More Tapped Horn Modelling
Figure 7: Google sketchup model of tapped horn with 4m path (4 of these are required) (click)
I did some more modelling in AkAbak, and managed to produce a model which should theoretically give a 97dBSPL sensitivity across the range roughly 30Hz to 80Hz. The -3dB point is 27Hz. Although not hugely efficient, they are the same theoretical size as the original tapped horn design. Again, the boxes are designed to be used in pairs, each with dual 10" drivers. The path length is about twice as long as the original design, with a much smaller start and end cross sectional area.

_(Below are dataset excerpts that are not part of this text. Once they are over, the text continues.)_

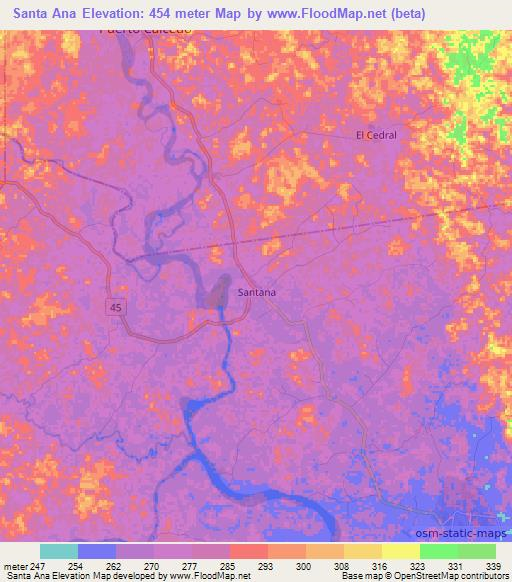 Santa Ana,Colombia Elevation Map is displayed at different zoom levels.
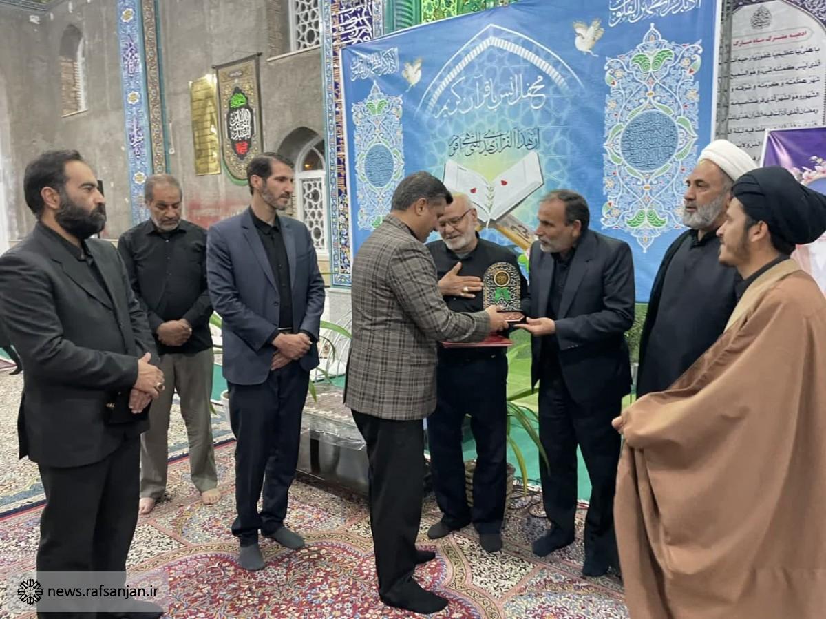 در این مراسم نشان شهروند افتخاری رفسنجان به قاری بین المللی استاد حاج امین پویا به پاس زحمات هفت ساله در راستای آموزش و ارتقاء سطح قاریان شهرستان تقدیم شد.
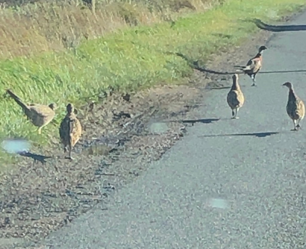 On the way to St Neots a posse of young pheasants zig zagged on the road in front of my car
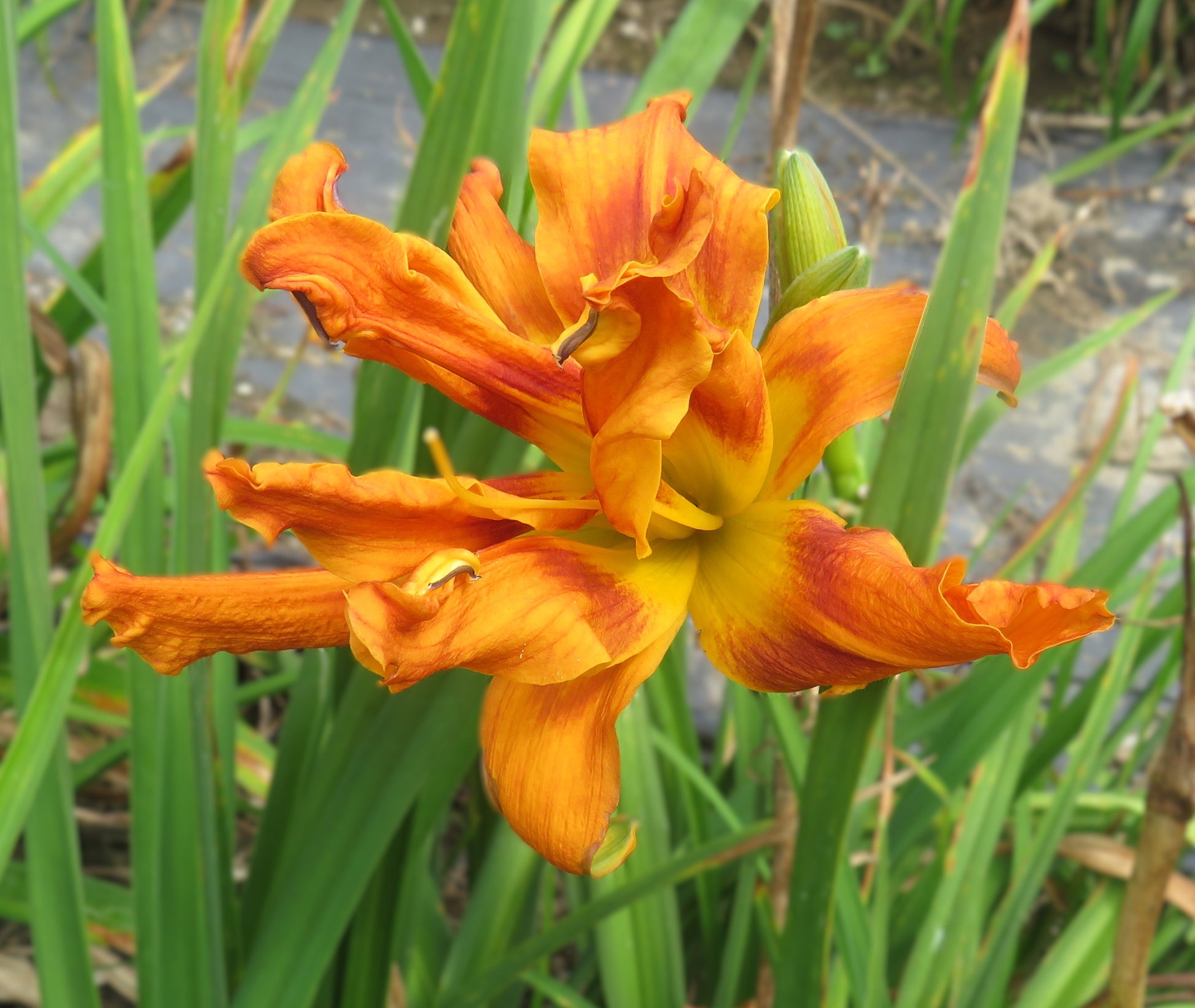 Color: orange gold blend with red orange eye above large yellow green throat

The script used to produce the followinf response in AkAbak can be found here.
Figure 8: AkAbak predicted response for 4m tapped horn (click)
Compare this to another sub with a similar LF response, the X1. The X1 has about 5dB more sensitivity, which means it will take a lot less than half the power to reach the same SPL level. It also plays up to about 119Hz, (although I think the advice is to cross over lower than this). To be honest, the performance is far below that of the X1 (or similar, well designed subwoofers). The only reason to build this one, over the X1 would be for cost of drivers (about £120) wheras the
P-Audio SD18 (recommended X1 driver) costs around about £220. An X1 occupies about 370l, and a pair of these tapped horns occupy about 530l. I suppose building 4 of the double driver boxes would give very good bass in the 27-80Hz range, and if i get time I may try this new design with extra folds.